I had lunch with some friends the other day, and one of them
stared talking about her past. She wishes things could have been different: a
happier childhood, a more caring family, different lovers, better jobs, etc.
etc. “What if, what if …” she wondered over and over. “If only this. If only
that.” Waaah, waaah, waaah!
I don’t resonate with that attitude, and “poor me” doesn’t cut
it, although I didn’t say so outright. Instead, an aphorism from John Greenleaf
Whittier came to mind, so I quoted it: “Of all sad words of tongue or pen, the
saddest are these: ‘It might have been.’”

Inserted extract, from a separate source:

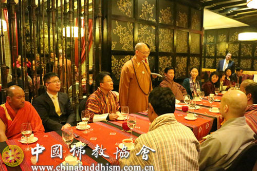 此次是中国佛教界首次正式组团对不丹进行友好访问,受到不丹政府的高度重视。当地时间2016年12月21日晚,不丹内政与文化部、外交部、中央寺院委员会、旅游局等多个部门在代表团下榻酒店举行友好招待会,欢迎代表团一行的到访。不丹内政与文化大臣达瓦•坚赞(Dawa Gyeltshen)先生、外交大臣丹曲•多吉(Damcho Dorji)先生、内政与文化部常务副部长索南•托杰(Sonam Topgay)先生、外交部常务副部长策林•多吉(Tshering Dorji)先生、中央寺院委员会秘书长嘎玛•策林•纳姆耶尔(Karma Tsering Namgyel)先生等出席友好招待会,与中国佛教友好代表团在轻松、愉快、友好的氛围中进行了广泛而深入的交流。
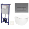Függő WC-készlet - a készlet a következőket tartalmazza: vortex öblítő, fényfal / válaszfal modul, WC-tartály SAT vezérlőgomb SAT és WC-ülőke. A WC-ülőke duroplastból készült. A vezérlőgomb műanyagból készült, pisztolyfém matt színben.

This elicited a couple of “oohs” from the group, so after a
pause … for dramatic effect, of course … I explained myself, saying something
like: “I don’t regret the past, and there’s nothing I can do about it. It makes
us who we are. We shouldn’t dwell on it but should learn from our experiences and
move on.”
The Whittier quote comes from his poem “Maud Muller” about a
beautiful young woman who, while harvesting hay, meets a judge from the nearby
town. Each is smitten with the other, and each dreams of marrying and adopting
the other’s lifestyle. He dreamed of becoming a gentleman farmer, and she longed to become a
rich judge’s wife. In the end, with sublime irony, she marries a simple,
uneducated farmer and he marries a woman who loves him only for his money. Both
marriages are unhappy, and for the rest of their lives Maud and the judge
reflect with remorse on what might have been.

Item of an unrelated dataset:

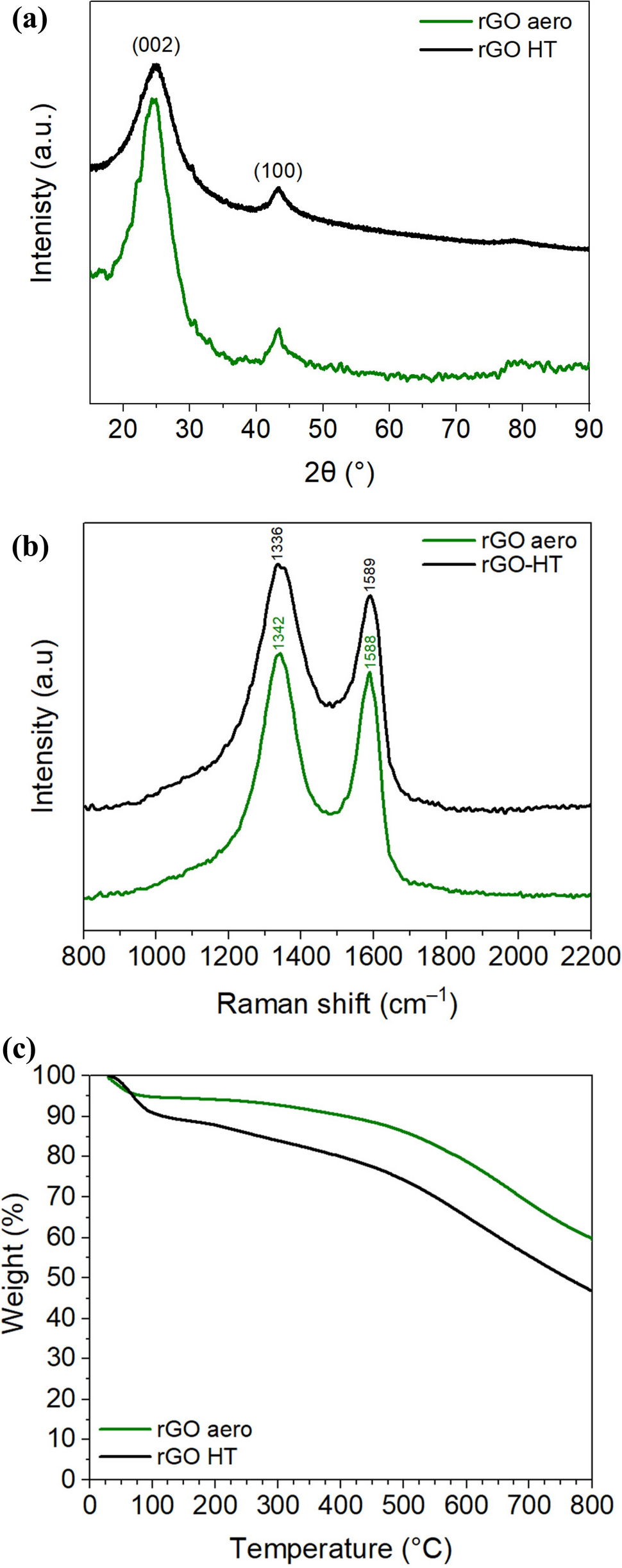 The X-ray diffractograms (Fig. 3a) of the rGO aero and rGO HT exhibit a prominent diffraction peak at 2θ = 24.3° and 24.7°, respectively, corresponding to the (002) lattice plane of a typical graphitic structures. Additionally, weaker peak at 2θ = 43.1° is observed, which is attributed to the (100) plane [34]. The increase in d002 from 0.3604 nm (rGO HT) to 0.3650 nm (rGO aero) results from the minimization of capillary-induced collapse of the graphene structure during freeze-drying, which preserves a more open architecture and increases the spacing between graphene layers [35].

Whittier writes: “God pity them
both! And pity us all / Who vainly the dreams of youth recall.”
I think Whittier is saying that what makes it might have been the saddest of all
words is not merely that Maud’s life could have taken a different turn but that
she wastes so much emotional energy brooding over it. Woulda, coulda, shoulda. That’s an
emotion even less useful than worry. At least a few of the things we worry
about actually do happen. As for the
things that might have been: they never did and never will.

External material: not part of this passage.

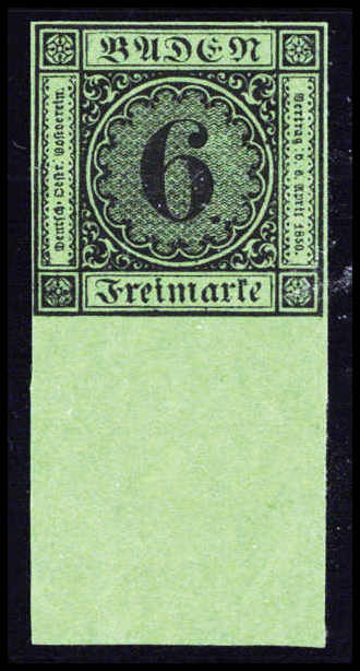 | Zusatzinformationen und Suchstichworte: | Württembergisches Auktionshaus 142. Versteigerung 23.-24. Juni 2023 Los 1428 Altdeutschland Baden 6 Kr. a. blaugrün, ringsum vollrandig geschnittenes, völlig postfrisches Luxusstück in leuchtender Farbe, unten mit 25,5 mm breitem Bogenrand. Diese Marke stellt das absolute Top-Stück der ersten Ausgabe Badens dar. Es ist in dieser traumhaften Erhaltung nicht mit normalen Maßstäben zu messen, vor allem auch weil postfrische Exemplare dieser Ausgabe praktisch nicht existieren, Fotoattest Brettl BPP ("Sehr farbfrische und feinste, tadellose Erhaltung, postfrisch ohne Falz. Eine in dieser Erhaltung sehr seltene Marke") Ausruf 18.000,00 EUR |

I reinforced my point by quoting a line from William
Faulkner. He famously wrote that for some people “the past is never dead; it’s
not even past.” That is to say, for those people—like for Maud Muller—the past
is a burden, old baggage, an albatross around their necks, and they’d be best
advised to shed it and move on. [It’s not often that I can work three literary
references into one short conversation—the third being the albatross from Coleridge’s
The Rime of the Ancient Mariner—but
that day I did.]
As my cousin Doug Smith writes in his book Happiness: The Art of Living with Peace,
Confidence and Joy, “The past is a key to happiness ... because if we don’t
resolve feelings about events in our past we can be so absorbed by remorse or
anger that we fail to live in the present.”
Or as one might say more succinctly: Get over it!